This optimization procedure is not computationally intensive; running on a personal laptop with 16 GB of RAM and a typical CPU, for example, the process completes within seconds. The outcome is a single, point estimate of the coefficients that characterize the organ-scale behavior. It should be noted that, because the model is linear in the parameter $\mu$, we can in practice simplify the problem of determining the optimal parameters by transforming the objective function as follows.

${\displaystyle {\sum }_{\left({\lambda }_{obs},P_{obs}\right)}}{\left(\mu P\left({\lambda }_{obs},1,\alpha \right)-P_{obs}\right)}^2(9)$

This implies that, rather than sampling the function $P\left({\lambda }_{obs},\mu ,\alpha \right)$, we only need to sample the function $P\left({\lambda }_{obs},1,\alpha \right)$ in our finite-element simulations. In contrast, because the model is nonlinear in $\alpha$, an analogous transformation is not possible for $\alpha$; this is why we limit the constitutive model to a single term.

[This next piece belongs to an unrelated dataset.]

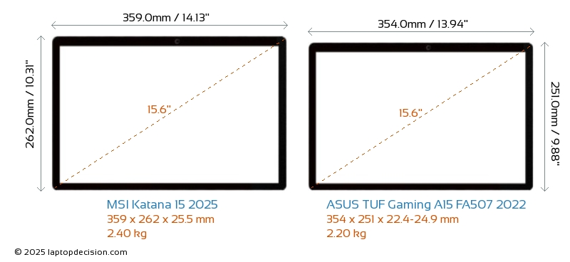 Wifi Katana 15 2025 dispose d'une norme Wi-Fi plus avancée v6E, offrant des connexions sans fil plus rapides et fiables par rapport à TUF Gaming A15 FA507 2022 (v6).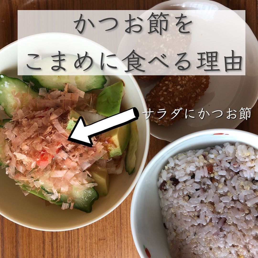 日々の食事では、かつお節をこまめに取り入れています。かつお節には、新陳代謝アップや脂肪燃焼サポートなどの効果が期待できるとのこと。サラダなどのトッピングとして、手軽に取り入れやすいのもうれしいですね。

2.4 Inverse elasticity problem at the microscale

2.4.1 Measuring the displacements using image registration

To measure the displacements caused by a change in distending pressure applied to the lung at cellular resolution, we leverage deformable image registration (Heinrich et al., 2012a) (Figure 1C). To prepare the images for registration, we perform an optimization to autonomously correct the bulk rotation of the material due to the natural curvature of the crystal ribcage away from the imaging plane. Because the image-registration algorithm does not, in practice, yield good estimates for the displacements along the shallow depth axis, we project the rotationally corrected images along this axis.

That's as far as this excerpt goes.